Какой современный пиар может сравниться с сарафанным радио той поры! Весть о прибытии в город таинственного силача и его причудах мгновенно разносилась по всем улицам и закоулкам. И билеты на предстоящий чемпионат по французской борьбе расхватывались, словно горячие пирожки в крещенские морозы.
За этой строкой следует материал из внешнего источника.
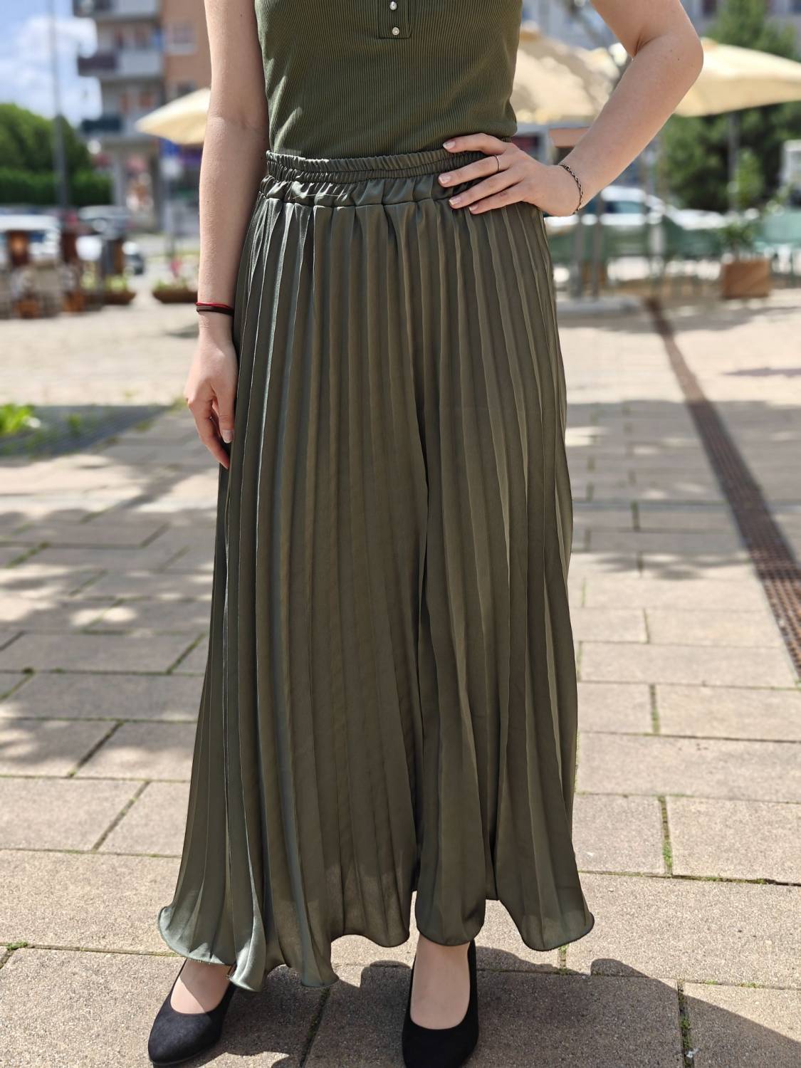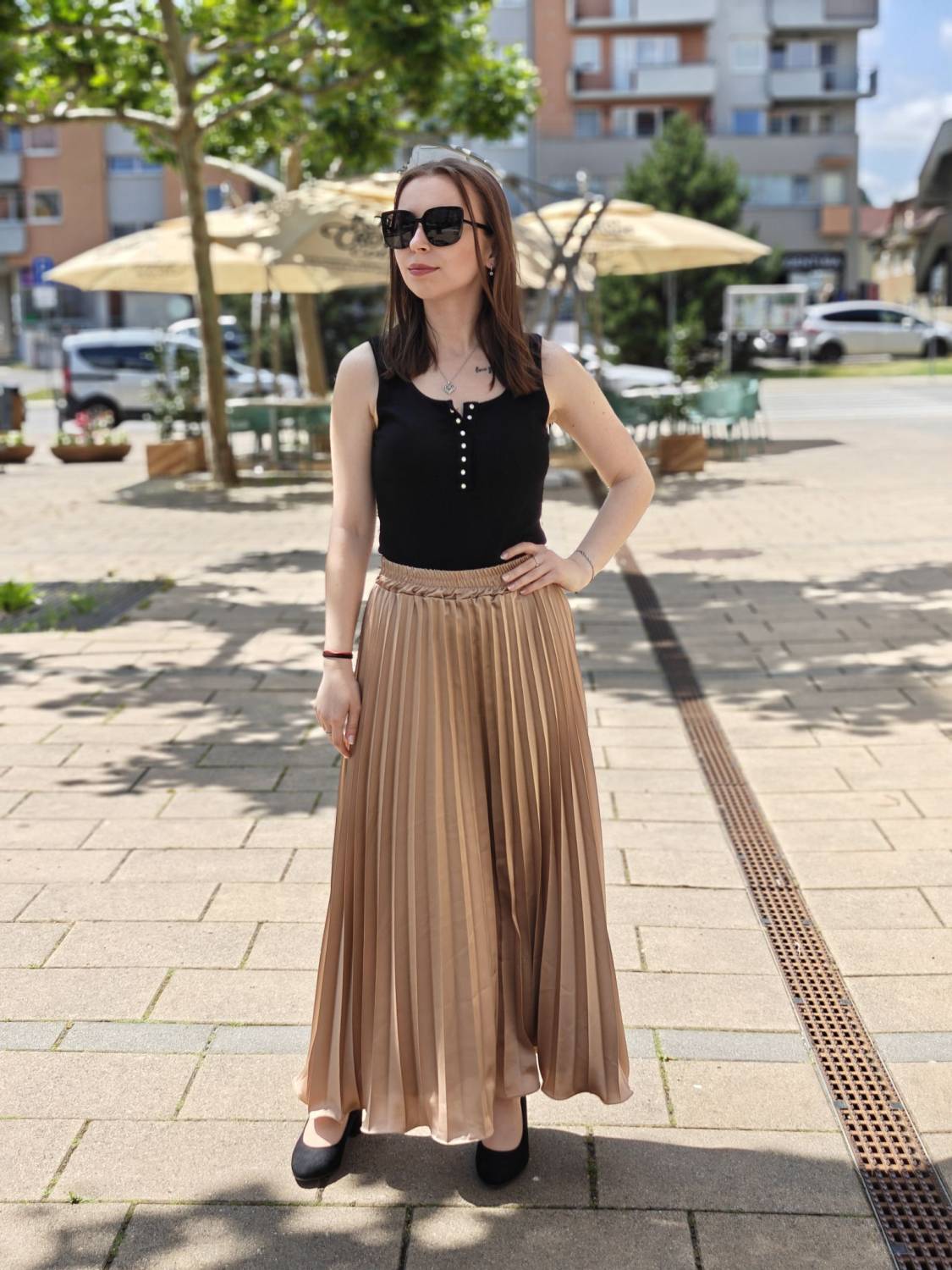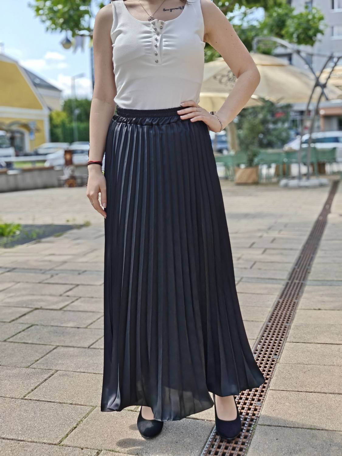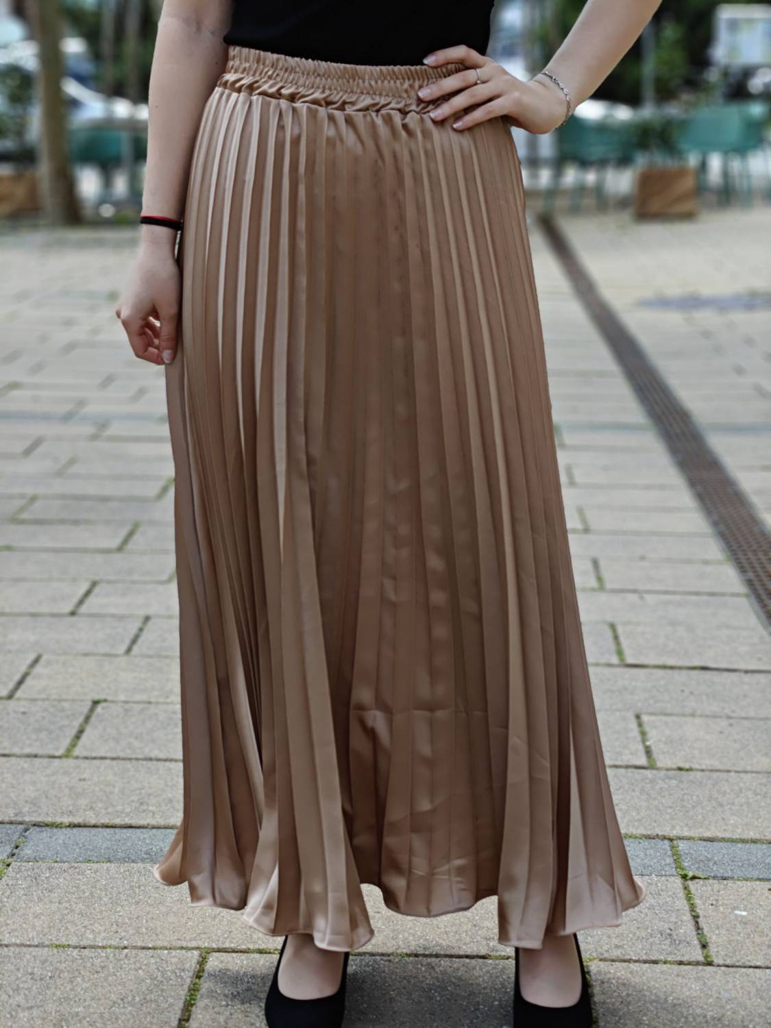 Jednofarebná plisovaná sukňa. V páse do gumičky a v spodnej časti má jemný volán. Príjemný a pohodlný saténový materiál.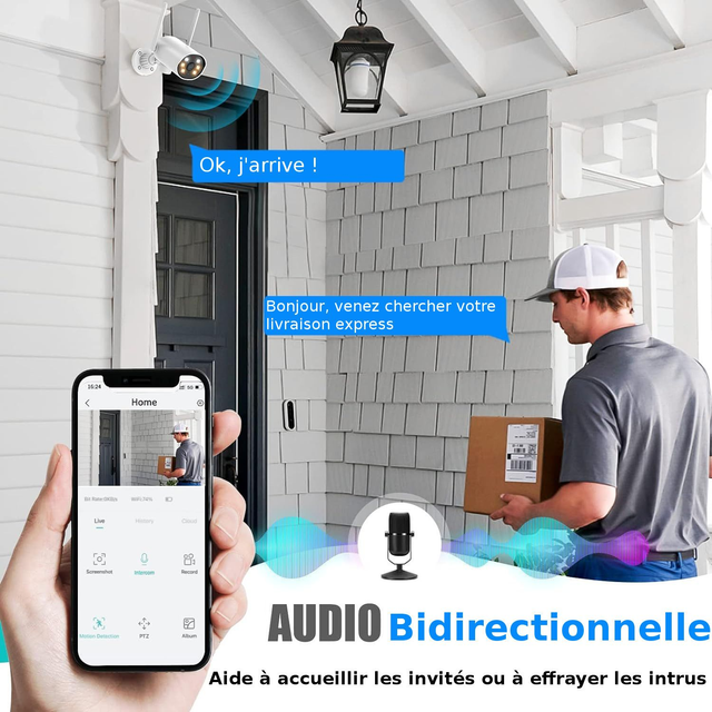 - Audio bidirectionnel permettant d'entendre et de parler à une personne se trouvant à proximité de la caméra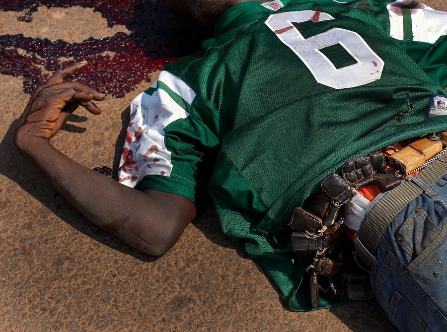 Read moreA man lies dead at a checkpoint wearing lucky charms around his waist following a shootout with Congolese peacekeepers, in Bangui, Central African Republic, on December 20, 2013. Three bodies lay baking in the sun at the checkpoint after being shot by Congolese peacekeepers, who said the men had attacked them. After a period of relative calm, violence flared anew in the Central African Republic, with angry demonstrations against Chadian peacekeepers, shootouts at checkpoints, and the destruction of a mosque. #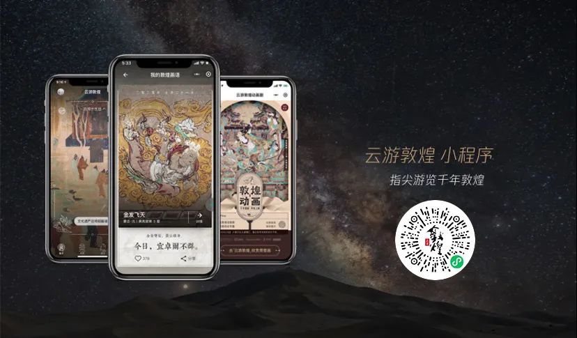 识别图中小程序码点亮莫高窟自2017年敦煌研究院与腾讯达成战略合作以来,双方一直积极推动敦煌文化的数字化传播,先后推出了数字供养人、王者荣耀飞天皮肤、QQ音乐“古乐重声”音乐会、“敦煌诗巾”创意小程序、“云游敦煌”小程序、敦煌动画剧等项目。其中,“云游敦煌”上线10日内总访问量即突破500万,其后在广受好评的“今日画语”基础上又陆续推出“敦煌动画剧”、“云采丝巾”等功能,并荣获由国家文物局主办的2020年度中华文物全媒体传播精品(新媒体)推介项目。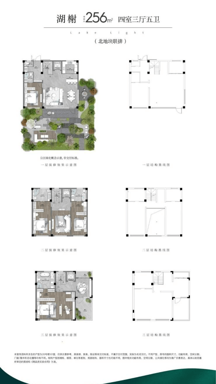 2,北地块联排256平:四室三厅五卫,总价:中间户600万左右,边户700万左右。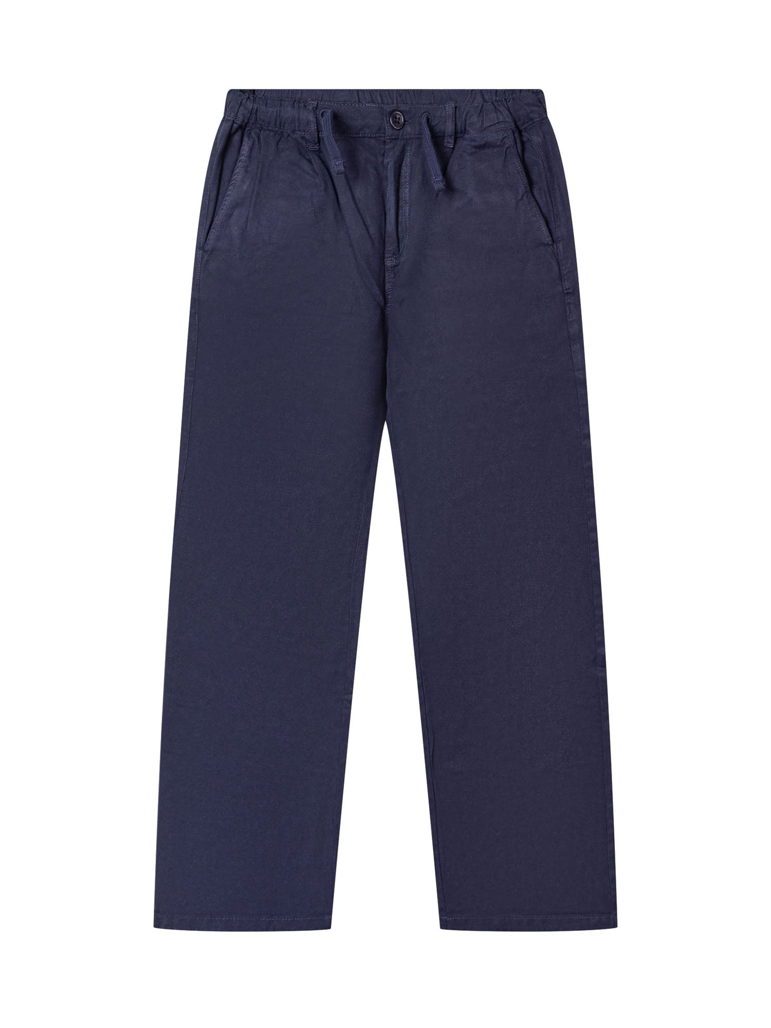 Pantaloni con vita elasticizzata e coulisse, chiusura frontale con bottone e tasche laterali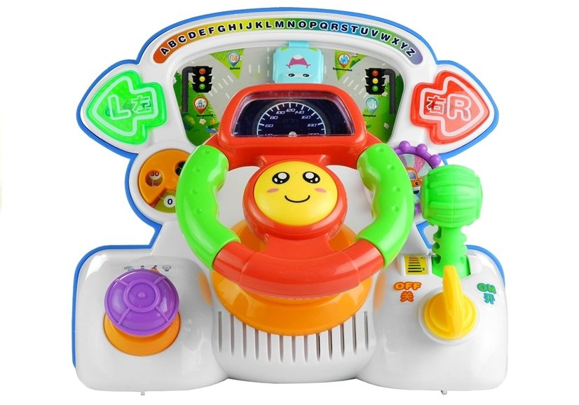 Wszystkie maluszki uwielbiają zabawki, które są bardzo kolorowe i składają się z wielu elementów o różnych kształtach. Zabawa jest jeszcze lepsza, kiedy dotknięcie wybranego elementu skutkuje załączeniem kolorowych światełek, a nawet wesołych dźwięków. Wszystkie te wymagania spełnia prezentowana kierownica umieszczona na desce rozdzielczej. Dziecięce wzornictwo nawiązujące do wyglądu realistycznej kierownicy zwieńczone jest różnokolorowymi dodatkami, co z pewnością zaabsorbuje i przyciągnie uwagę każdego malucha.
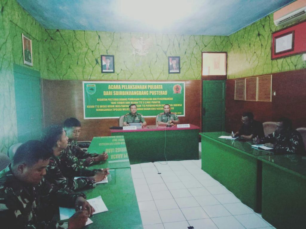 Fakfak – Kodim 1803/Fakfak telah melaksanakan Kegiatan pelaksanaan Pengumpulan data dari sdirbinjianbang Pusterad Bidang pembinaan pengkajian dan pengembangan yang terdiri dari kajian tentang 5 Kemampuan Teritorial, kajian tentang orgas Kodim 1803/Fakfak dan kajian tentang perbandingan Rasio Ideal Babinsa berdasarkan Tipologi wilayah di jajaran Kodam XVIII/Kasuari TA.2019 yg diikuti oleh 13 orang, Bertempat di Ruang Data Makodim 1803/Fakfak, Rabu (08/05/2019).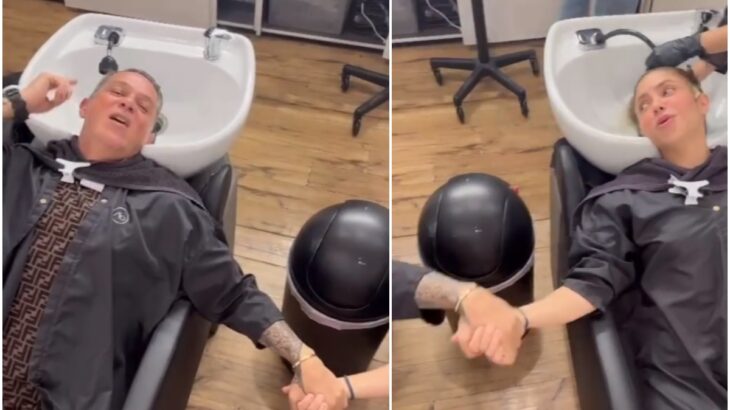 "Así sí da gusto ir a la pelu (peluquería)", expresó la intérprete mientras disfrutaba de un lavado de cabello.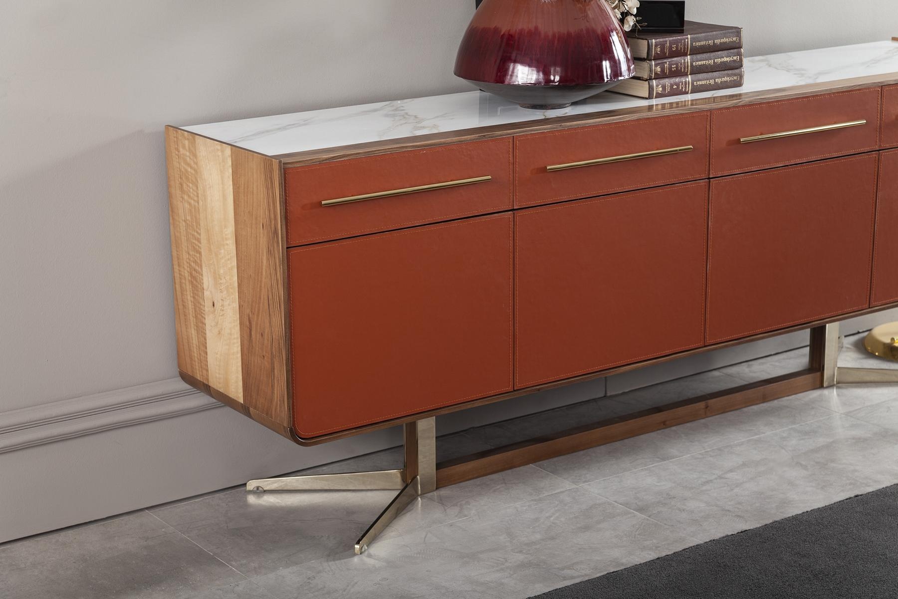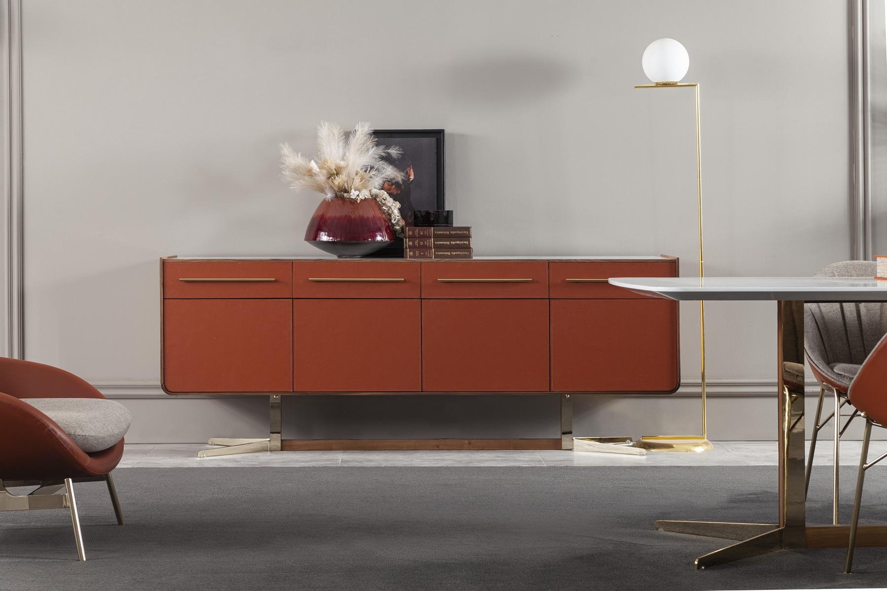 Oranžová komoda s zásuvkami a policami je majstrovským dielom, ktoré dokonale spája eleganciu a funkčnosť. S impozantnou dĺžkou 240 cm ponúka dostatok priestoru na uskladnenie a výnimočne navrhnuté detaily, ktoré oslovia aj najnáročnejších. Jej hnedá farba v kombinácii s kvalitným materiálom vytvára harmonický vzhľad, ktorý zvýrazňuje exkluzívnu atmosféru vášho interiéru. Tento XXL bufet je ideálnym doplnkom pre tých, ktorí hľadajú sofistikované riešenia pre svoje domovy. S viac ako 20-ročnou tradíciou v oblasti luxusného nábytku, táto komoda predstavuje symbol štýlu a prestíže, ktorý obohatí každý priestor.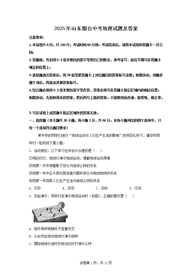 【文档名称】 2025年山东烟台中考地理试题及答案(Word版).doc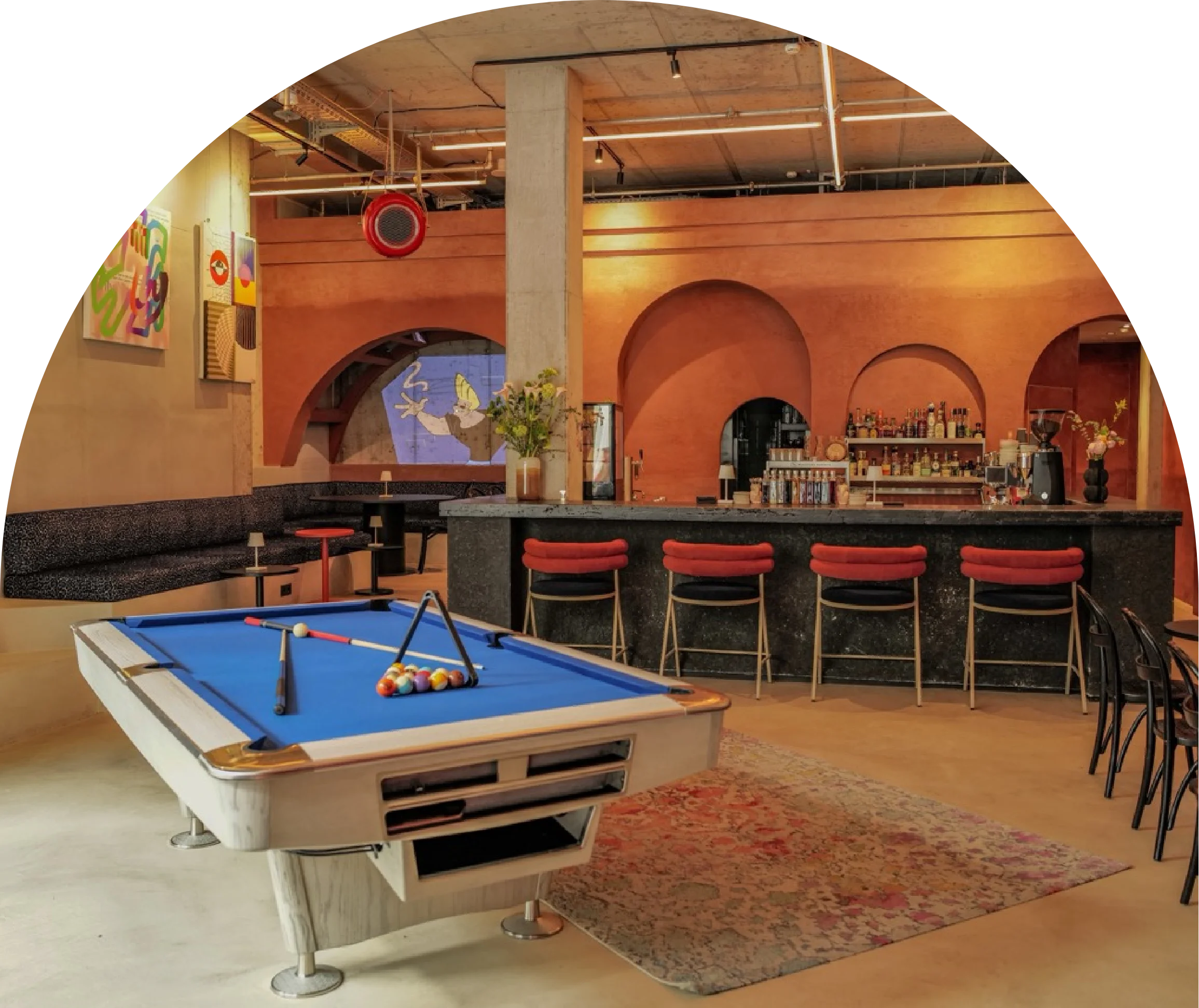 Nachmittags ein entspannter Ort für Kaffee, Laptops oder Gespräche, wandelt sich der Raum abends zur lebendigen Bar - mit kreativen Drinks, einem zentralen Billardtisch und wechselnden Ausstellungen.

А тут тебе и вездесущая пролаза, пресса, подбавляла интересу. “Русский спорт” за 25 октября. Цифры смазаны, но похоже, что год 1909-й. Цена — 20 копеек. Редакция и контора: Москва, Большая Дмитровка, дом Востряковых, кв. 12, телефон 191-28. Пожелтевший номер поистрепался и, судя по округлому масляному следу, на него ставились и кастрюли с борщами, и сковородки с картошкой, так что многих слов вообще не разобрать. Город Харьков, от собственного корреспондента: “Чемпионат Заикина в цирке Миссури становится все интереснее и привлекает массу зрителей. Наибольшим вниманием пользуются выступления Поддубного. Он очень быстро, в первые же минуты, справился с Хорунжим, Медведевым, Поплавским. Спокойно, шутя, он уложил этих совсем уж не слабых борцов. Так же спокойно он боролся против Черной маски и, хотя двадцать минут борьбы не дали результата, но на то уж была воля Поддубного, его значительное преимущество было очевидно для всех”.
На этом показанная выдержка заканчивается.